By the end of the 19th and the beginning of the 20th centuries, as America began to emerge from its isolation across the Atlantic and Pacific Oceans, the story of the country was already one of escaping from colonial tyranny, fighting for freedom, envisioning a republic of and for greatness, expanding across one of the richest continents on the planet, descending into degeneracy, and then redeeming itself and seeking new ways forward.
In a world that was then dominated by the European colonial powers that seemed to have succumbed to the debasements of wealth through the theft and exploitation of others, the US emerged as a land of promise both for those living in it and for those who looked at it from afar and admired its might as well as its righteousness.
But brand America offered even more than this, and admirers the world over saw wealth that at times seemed unlimited. Names such as those of US billionaires Carnegie, Rockefeller, Mellon, Astor, Getty, Morgan, and others have entered popular parlance in different parts of the world, symbolising the colossal wealth to be made in America.
In the minds of scores of people across the world, these names were much more than those of ultra-high net worth families. They also symbolised America’s abundance. The allure of such wealth resonated not only in poorer countries in Africa and Asia, but also at least as strongly in Europe. Whether after World War I or World War II, many individuals in the highest social echelons of London and Paris or Vienna and Rome bent over backwards to welcome the scions of America’s wealthy families.
This was partly owing to the power that money bestows, but at heart it was also the result of the attraction of what then seemed to be America’s opulence. In the world’s imagination, America came to signify plenty.
It also came to signify power. The country emerged from World War II as one of the world’s two superpowers. But unlike the former Soviet Union, which came across draped in Communist Party garb and carrying with it the heavy problems of a multitude of poor countries, America appeared luscious and vibrant, having inherited and absorbed the old colonial empires of the British, the French, and the Spanish.

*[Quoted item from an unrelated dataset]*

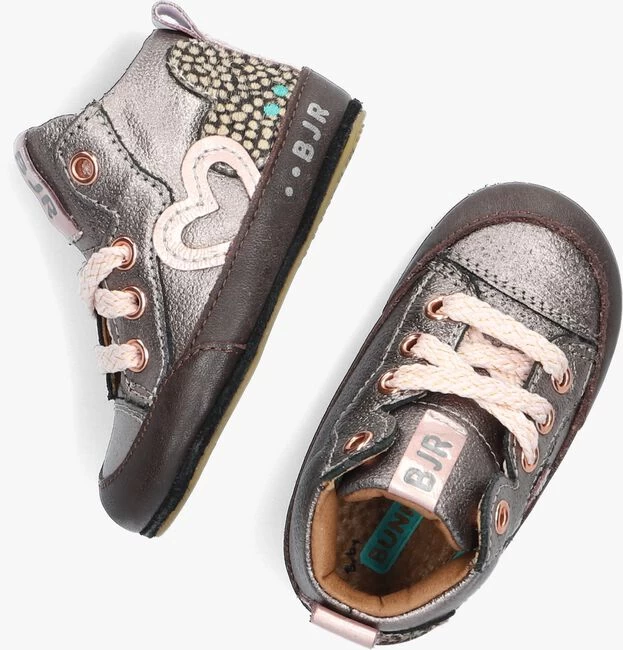 Daar gaat je kleine meid, ze zet haar eerste stapjes of begint te staan! Tijd om nu haar allereerste schoentjes uit te zoeken. Naast dat ze er natuurlijk heel leuk uit moeten zien, moeten ze ook flexibel zijn en een goede steun en grip geven. Dit hoge sneaker model ZUSJE ZACHT van het Nederlandse merk Bunnies JR heeft het allemaal. Ze zien er gaaf uit dankzij de zilverkleurige leren buitenkant met roze kleurige accenten. Aan de hiel vind je de kenmerkende Bunnies stippen, de hiel heeft een roze kleurige hielband en de tong van leer heeft een bijpassend merklabel. Extra leuk zijn de hartjes applicaties van rozekleurig leer en ponyhair en de veters met glitter details. De voering is gemaakt van leer en heeft een uitneembaar voetbed. Het rubberen super flexibele zooltje buigt mee met het voetje voor een goede afwikkeling én ontwikkeling van het voetje en heeft een anti-slip profiel. Met deze toffe schoentjes is je kindje helemaal klaar voor deze nieuwe spannende fase!

But America’s power was as menacing as it was seductive. It was the first, and so far the only, country to have used nuclear weapons. To ensure Japan’s surrender at the end of World War II, the US was willing to deploy the deadliest weapon that humanity has ever developed. Then US president Harry Truman, and US military commanders such as Dwight Eisenhower and Douglas MacArthur, showed the world another facet of America – one of a power that would use extreme force to secure its demands.
Nevertheless, there was also intrigue and enchantment in America’s unveiling of its power to the world. In the 1942 film Casablanca, for example, America comes to North Africa, in this case Morocco, in the midst of World War II not as an antiquated colonial power like France, or a brute aggressor like Germany, but as a daring liberator.
For those who were slow to get the message, Hollywood gave them the seductive combination of actors Ingrid Bergman and Humphrey Bogart – a strong-willed, gorgeous, and courageous woman and a roguish, but chivalrous and daring man, each indicating facets of America itself. The country was casting its spell over the world.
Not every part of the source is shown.